Panji is a colonel, very well trained, there they teach discipline.

How can he advocate bloodshed…we know he is broke, that is why he is attacking us, we are not responsible for his suffering, the economy is booming, let him just work hard…”

This is the language of George Kunda, the Vice-President of the Republic of Zambia and our country’s Minister of Justice, a man who is also aspiring to be the vice-president of the ruling MMD at the party’s forthcoming national convention.

It is said that a person’s talk shows his faults; it is like a sieve that separates out the rubbish.

The way you think shows your character just as surely as a kiln shows any flaws in the pottery being fired.

It is said that you can tell how well a tree has been cared for by the fruit it bears, and you can tell a person’s feelings by the way he expresses himself.

Never praise anyone before you hear them talk; that is the real test.

And the Bible states explicitly that what a fool lacks is knowledge while a stupid man lacks understanding.

By implication, therefore, what a man who speaks before he thinks suffers from is stupidity.

There is no reason anybody can offer to justify the use of foul language on another person.

This type of language that George is fond of using can degenerate into a conflict of monumental dimension, if not properly handled.

Wrong choice of words against others has resulted in many conflicts.

Intolerance seems to dominate our politics.

And this is due largely to greediness, hatefulness, self-centeredness and corruption on the part of our politicians, of politicians like George.
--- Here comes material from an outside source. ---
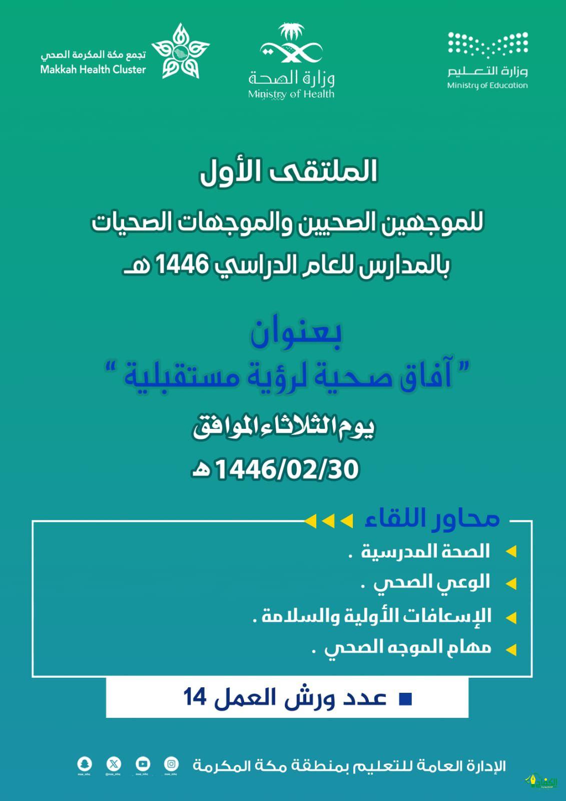 نفذت الإدارة العامة للتعليم بمنطقة مكة المكرمة ” الشؤون التعليمية – تنمية القدرات ؛ الشؤون الصحية المدرسية – ” ملتقى ( آفاق صحية لرؤية مستقبلية”) للموجهين الصحيين والموجهات الصحيات في مدارس تعليم مكة، وذلك عبر برنامج” التميز ” ويأتي ذلك ضمن التعاون الإيجابي المشترك بين الإدارة العامة للتعليم بمنطقة مكة المكرمة، وفرع وزارة الصحة بمنطقة مكة المكرمة ، وتجمع مكة الصحي.

If a leader possesses sublime qualities of love, incorruptibility, peace and altruism, it will definitely reflect in what he says and does – he will not be brash, pushy and easily irritated. It takes a humble heart to show tolerance in the face of utter provocation.
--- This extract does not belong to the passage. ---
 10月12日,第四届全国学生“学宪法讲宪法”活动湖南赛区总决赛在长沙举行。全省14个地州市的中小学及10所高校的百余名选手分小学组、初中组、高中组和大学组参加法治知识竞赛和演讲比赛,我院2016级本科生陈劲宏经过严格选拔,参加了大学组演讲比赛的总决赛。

This is why those who show restraint in their politicking endure in leadership.

One truth nobody can dispute is that to be a leader carries with it enormous responsibilities.

It is said that to be a leader requires one to see oneself beyond the microcosmic imperatives of one’s position and environment and look at the bigger picture confronting one in the task of offering selfless leadership to the electorate.

Again, it is also said that whoever wants to make a success of his leadership position must learn to be a father-figure.

This eliminates the temptation of parochialism, meanness, voluptuousness that characterises the lives of despots and tin-gods.

It is said that the essence of human communication, generally, is to interact with one another in a most refined, culturally-permissible manner for the advancement of the cause of society.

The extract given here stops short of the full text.